→ DESCRIPTION OF THE TASK
Give the lines below again, exactly as they stand, and leave out the images.

Top of DATA PROVIDED

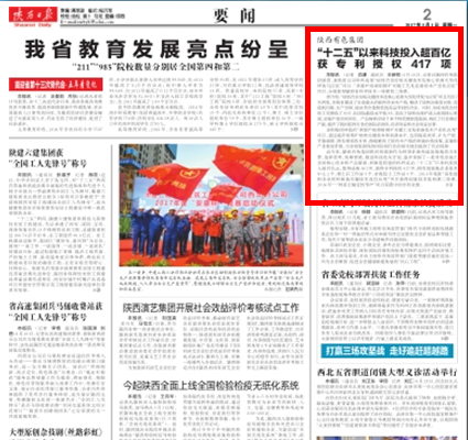 5月1日,中共陜西省委機關(guān)報——《陜西日報》在2版(要聞版)顯要位置以《陜西有色集團“十二五”以來科技投入超百億 獲專利授權(quán)417項》為題,突出報道了集團公司科技創(chuàng)新成果以及“十二五”以來的科技工作成就。據(jù)悉,5月2日,陜西省人民政府國有資產(chǎn)監(jiān)督管理委員會門戶網(wǎng)站《企業(yè)動態(tài)》欄目也以頭條形式對此進行了報道。以下為陜西日報報道全文。
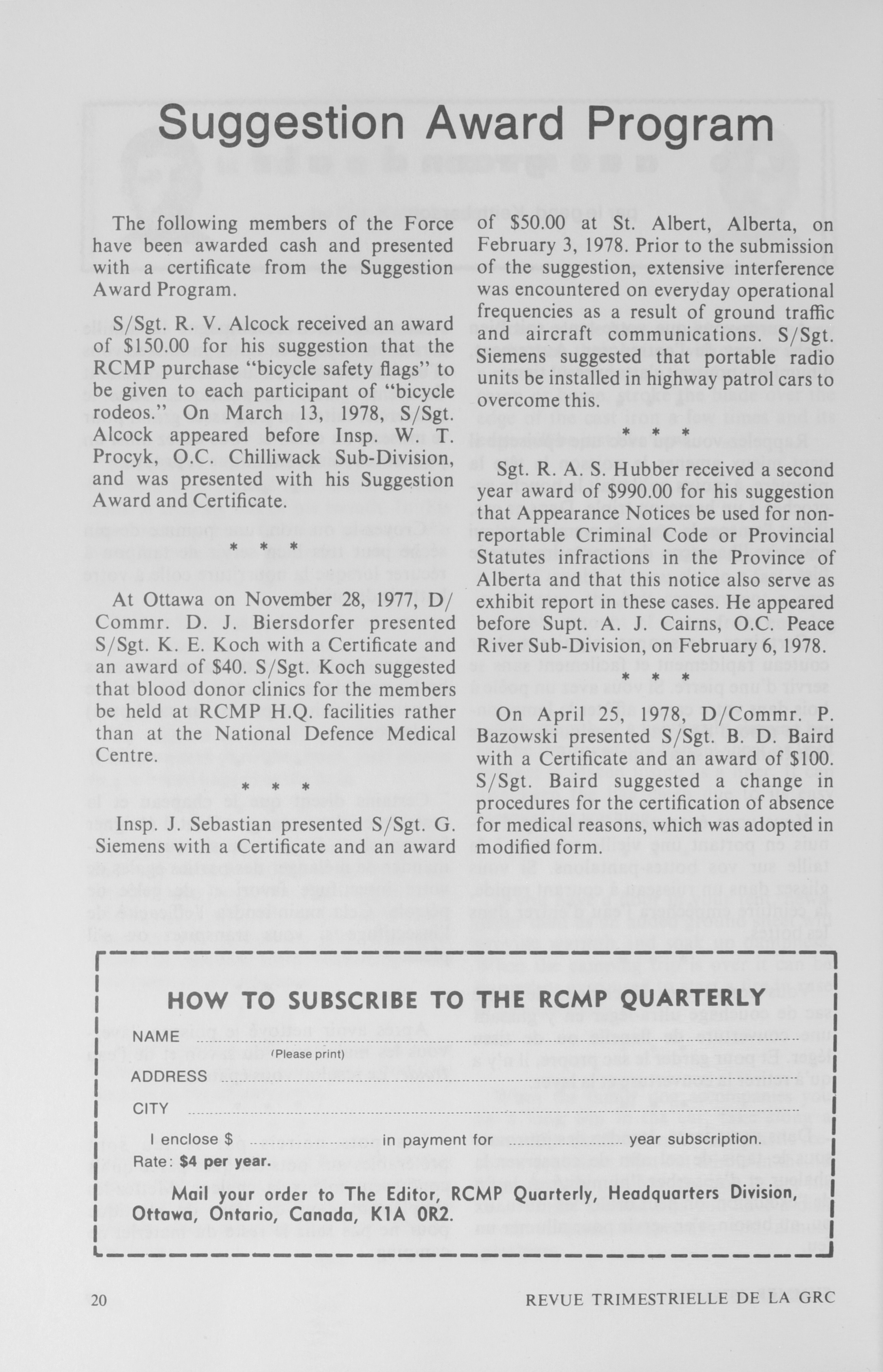 - RCMP quarterly = Revue trimestrielle de la GRC: Vol. 43, No. 3 (Summer, 1978)
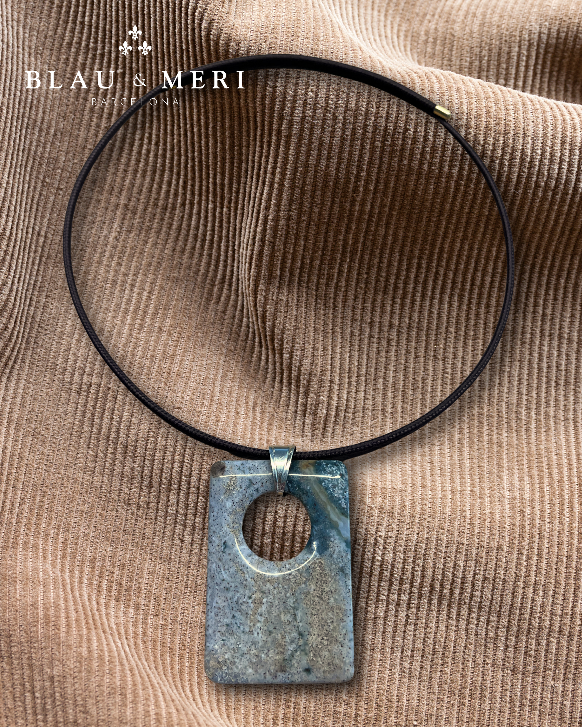 Gargantilla magnética y piedra de ágata de la India. Puedes adaptarla fácilmente a la medida deseada en cada momento. El cordón magnético está disponible en colores marrón, negro, plateado y dorado.

Bottom of DATA PROVIDED

→ REPLY TO THE EXERCISE
 5月1日,中共陜西省委機關(guān)報——《陜西日報》在2版(要聞版)顯要位置以《陜西有色集團“十二五”以來科技投入超百億 獲專利授權(quán)417項》為題,突出報道了集團公司科技創(chuàng)新成果以及“十二五”以來的科技工作成就。據(jù)悉,5月2日,陜西省人民政府國有資產(chǎn)監(jiān)督管理委員會門戶網(wǎng)站《企業(yè)動態(tài)》欄目也以頭條形式對此進行了報道。以下為陜西日報報道全文。
 - RCMP quarterly = Revue trimestrielle de la GRC: Vol. 43, No. 3 (Summer, 1978)
 Gargantilla magnética y piedra de ágata de la India. Puedes adaptarla fácilmente a la medida deseada en cada momento. El cordón magnético está disponible en colores marrón, negro, plateado y dorado.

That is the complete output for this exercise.